For this exercise, repeat exactly the lines below starting at the line holding "To serve, in" and ending at the line holding "This dress is", both included, with no extra lines and no pictures.

★ ★ ★ ★

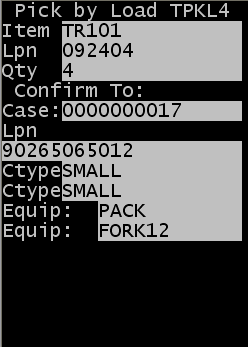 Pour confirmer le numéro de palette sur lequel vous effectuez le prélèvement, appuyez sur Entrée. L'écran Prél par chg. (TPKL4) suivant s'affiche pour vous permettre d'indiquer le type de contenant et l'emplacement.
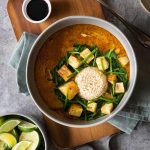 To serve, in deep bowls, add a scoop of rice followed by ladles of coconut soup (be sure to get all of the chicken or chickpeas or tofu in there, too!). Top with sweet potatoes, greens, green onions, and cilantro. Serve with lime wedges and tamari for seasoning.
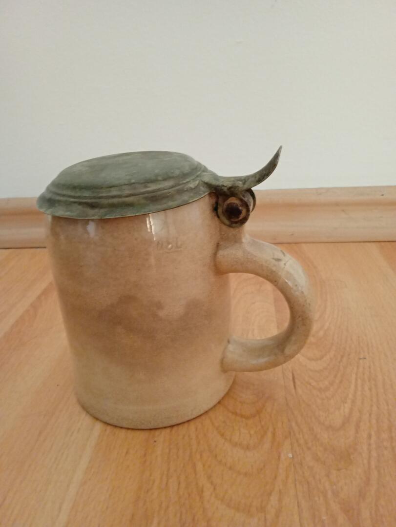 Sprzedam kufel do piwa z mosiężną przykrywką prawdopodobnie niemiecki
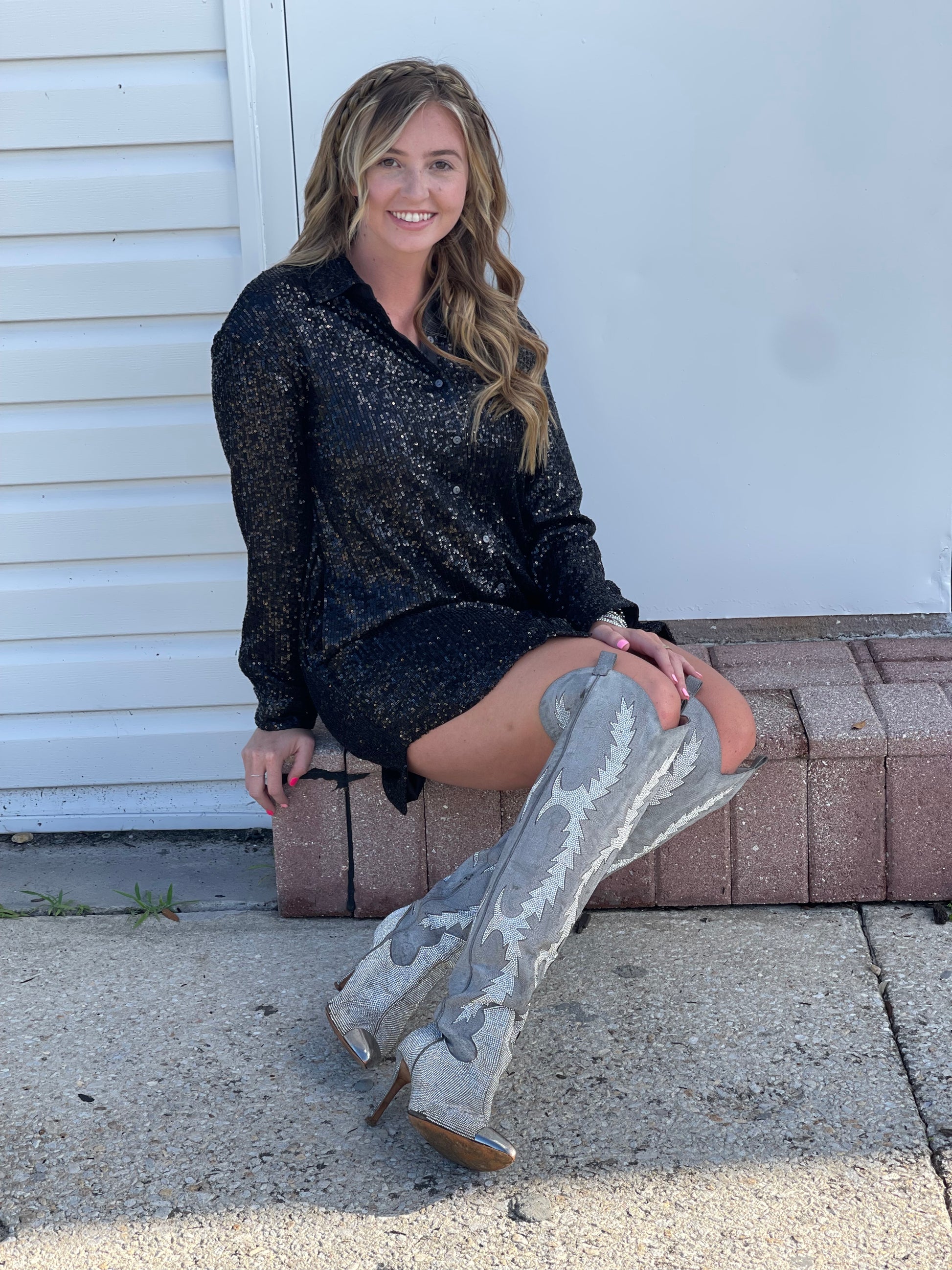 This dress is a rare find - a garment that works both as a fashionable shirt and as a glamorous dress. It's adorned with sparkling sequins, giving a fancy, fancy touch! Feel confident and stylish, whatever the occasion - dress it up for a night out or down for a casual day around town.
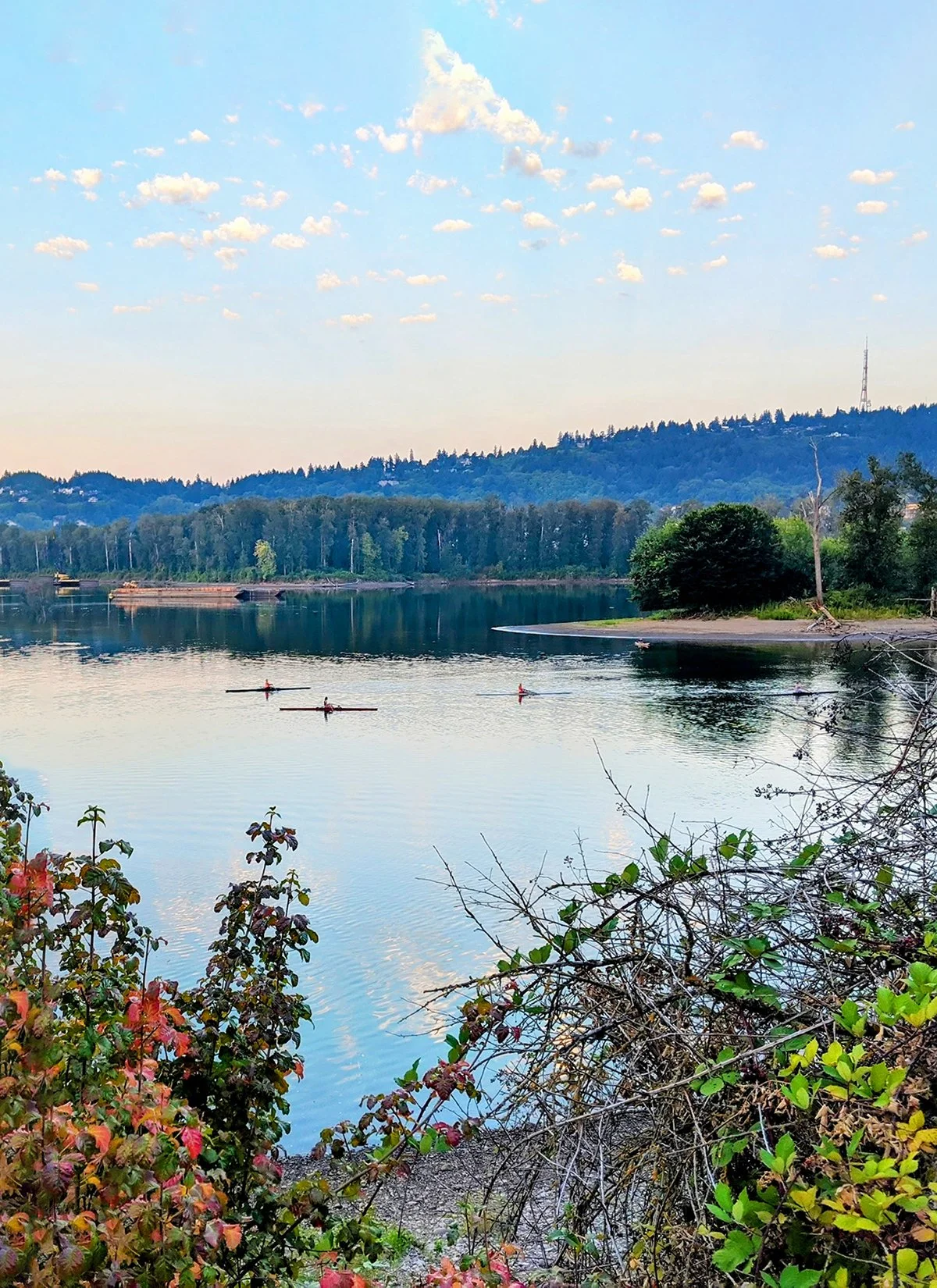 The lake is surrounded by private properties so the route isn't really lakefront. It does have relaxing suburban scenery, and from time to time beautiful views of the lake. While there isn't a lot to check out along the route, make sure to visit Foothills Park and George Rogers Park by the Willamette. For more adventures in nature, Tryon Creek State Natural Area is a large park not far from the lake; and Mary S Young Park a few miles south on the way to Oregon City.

★ ★ ★ ★

> **ANSWER BOX**
 To serve, in deep bowls, add a scoop of rice followed by ladles of coconut soup (be sure to get all of the chicken or chickpeas or tofu in there, too!). Top with sweet potatoes, greens, green onions, and cilantro. Serve with lime wedges and tamari for seasoning.
 Sprzedam kufel do piwa z mosiężną przykrywką prawdopodobnie niemiecki
 This dress is a rare find - a garment that works both as a fashionable shirt and as a glamorous dress. It's adorned with sparkling sequins, giving a fancy, fancy touch! Feel confident and stylish, whatever the occasion - dress it up for a night out or down for a casual day around town.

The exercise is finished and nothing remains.